FIG. 2 shows the passenger service unit after activation of the emergency oxygen device in an emergency situation. As can be seen, a cover lid 15 closing the storage space wherein the oxygen masks and the flexible tubing had been stored, is released and the oxygen mask 13 has fallen out of the storage space. In this situation, the oxygen mask hangs down to the passenger in a direction and range defined by the tubing 14 and the connection of the tubing to the other components of the emergency oxygen device.

At the same time the cover lid 15 has been released the control unit 12 of the emergency oxygen device incorporating an emergency light control unit 12a has activated the reading light 20 of the passenger service unit to illuminate the oxygen mask with a light beam 22. Said activation is made independently from the manual switch 21 for manual operation of the reading light in regular flight condition. The energy required for the activation process of the reading lights and for supply of the reading lights is taken from the emergency energy storage unit 30 of the emergency oxygen device and directly supplied to the reading light by passing the manual switch 21. Said energy is controlled such that it is supplied to the reading lights for a predetermined time interval of two minutes to allow the passenger easy handling of the oxygen masks after its release.
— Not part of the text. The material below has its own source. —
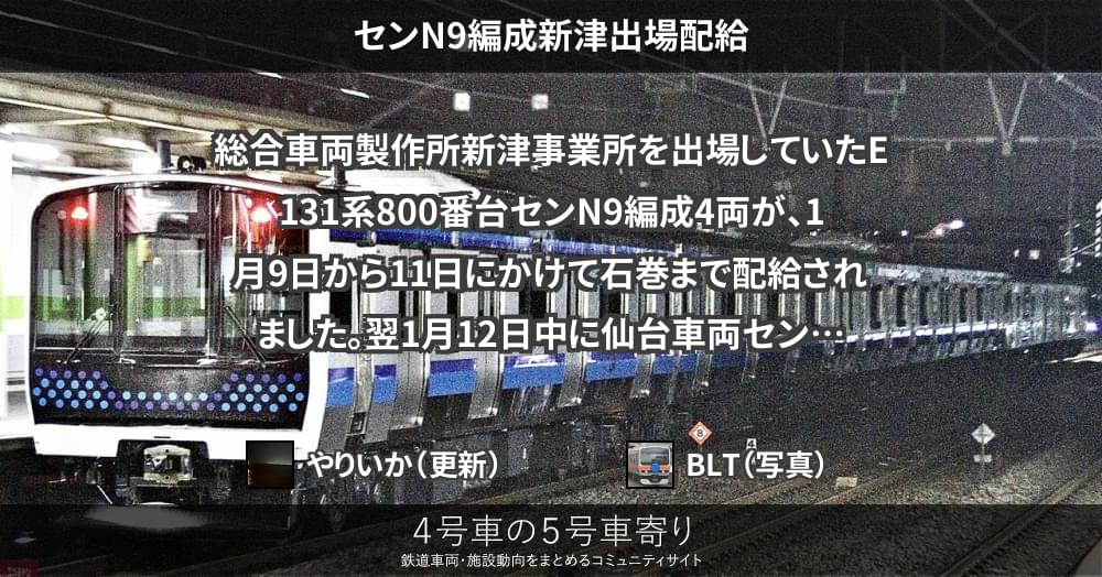 総合車両製作所新津事業所を出場していたE131系800番台センN9編成4両が、1月9日から11日にかけて石巻まで配給されました。翌1月12日中に仙台車両センター宮城野派出所まで回送されています。

Alternatively, the reading light is activated until the flow of oxygen is activated by a pulling action of the passenger via the oxygen masks or until a predetermined time interval after said activation has elapsed.

As can be seen in FIG. 2, the reading light give's a focused beam directed onto the oxygen mask to allow fast recognition of the oxygen masks by the passenger in an emergency situation.

Claims

1. Passenger service unit for passenger of an aircraft, comprising characterized by a light source connected to the emergency energy storage unit and an emergency light control unit adapted to activate said light source at the time the emergency oxygen device has been activated.

an emergency oxygen device comprising an oxygen source, a control unit and means for delivering oxygen from the oxygen source to a passenger,

an emergency energy storage unit connected to the emergency oxygen device for providing energy to start and/or control oxygen supply in case of an emergency situation

2. Passenger service unit according to claim 1,

characterized in that the light source is adapted to be used as a reading light during non-emergency situations and is connected to a manual switch for activating said light source manually.

3. Passenger service unit according to claim 1,

characterized by a connecting terminal for connecting said light source to an onboard energy supply system of the aircraft.

4. Passenger service unit according to claim 1,

characterized by an energy harvesting element, in particular a photovoltaic element, a Peltier element or a mechano-electrical energy converter for converting vibrations of the passenger service unit into electrical energy, connected to the emergency energy storage unit for charging said emergency energy storage unit.

5. Passenger service unit according to claim 1,

characterized in that the emergency oxygen device further comprises an oxygen mask connected to said oxygen source via an oxygen tube, wherein said oxygen mask is stored within said passenger service unit behind a releasable cover lid,

said cover lid being fixed in a closed position during non-emergency situation and is adapted to be released from said closed position to provide access to the oxygen mask in an emergency situation,

wherein said emergency light control unit is adapted to activate said light source upon release of said cover lid.

6. Passenger service unit according to claim 5,

characterized in that the light source is arranged behind said cover lid.

7. Passenger service unit according to claim 1,

characterized in that the activated light source produces a light beam having a limited cross-sectional area and wherein an oxygen mask is arranged in a storage space and connected to the oxygen mask via a tube in such a position to hang down in a path after being released from the storage space in an emergency situation wherein said path is at least partially, preferably completely illuminated by the light beam of said light source.